The S.H.I.E.L.D. base caves in on itself and takes a few miles of desert with it. When Phil jumps out of the van and walks out to meet with Director Fury and Agent Hill, he’s vaguely surprised to find that he is able to walk at all, for all the lightheadedness and swimmy vision he’s been experiencing for the past half hour.

“We’re relocating to New York,” Fury says. “Have your agents pack the Phase Two material in the cargo area.”

“Yes, sir,” Phil replies.

“What happens when we get to New York?” Hill asks.

“The Avengers Initiative happens,” says Fury. “You’ll need to contact Agent Romanoff in Russia, Coulson. She’ll be in charge of bringing in Banner.”

“What about Barton?” Phil brings himself to ask. A dark look passes over Fury’s face.
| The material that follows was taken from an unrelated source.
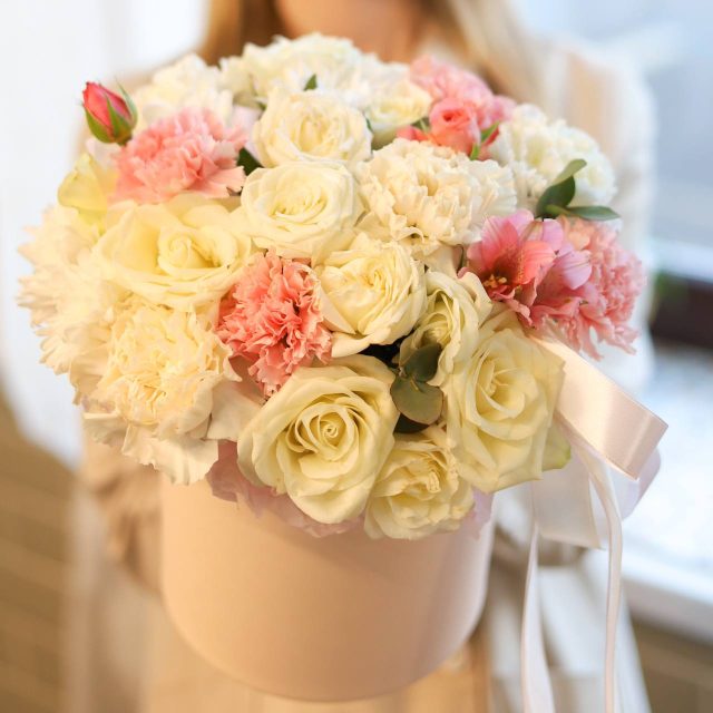 Композиция роз, диантусов и душистого эвкалипта в шляпной коробке.

“He’s been compromised,” Fury says, and then, “He and Dr. Selvig are both with Loki now, willingly - or as willing as it can be when he’s turned their brains into an Asgardian chew toy. I’ll need you to bring in Stark.”
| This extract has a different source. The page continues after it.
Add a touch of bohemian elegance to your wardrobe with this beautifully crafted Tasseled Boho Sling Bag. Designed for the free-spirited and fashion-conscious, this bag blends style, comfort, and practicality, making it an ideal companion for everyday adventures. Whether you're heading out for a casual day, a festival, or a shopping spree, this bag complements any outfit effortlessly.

Phil swallows down the claws scratching and climbing their way up his throat. He nods and walks back to the van, gives the agents inside their orders, disappears on the other side of the ensuing busyness, and vomits.

\---

“Tasha,” Phil interrupts, because he feels like a washcloth being soaked and wrung out over and over again. “Barton’s been compromised.”

He listens to Natasha do what he’s seen her do multiple times already. The sounds of her breaking jaws and leaving mobsters suspended by one ankle on the third floor of a warehouse are just as familiar to Phil as his phone ringing, as his own voice. He almost tunes it out as if it were elevator music, as he’s done countless times before, but then he thinks, _This is the last time I’ll ever get to hear her doing what she does best_ , and snaps back to focus on the sound of her shoeless feet alternately hitting the floor and people’s noses, with equal force, and the bones of men who didn’t know what they were getting into when they decided to mess with Black Widow breaking cleanly, agonizingly. It’s not elevator music, but it is music nonetheless. Phil decides to miss it now, early, because he knows he won’t be able to once he’s dead.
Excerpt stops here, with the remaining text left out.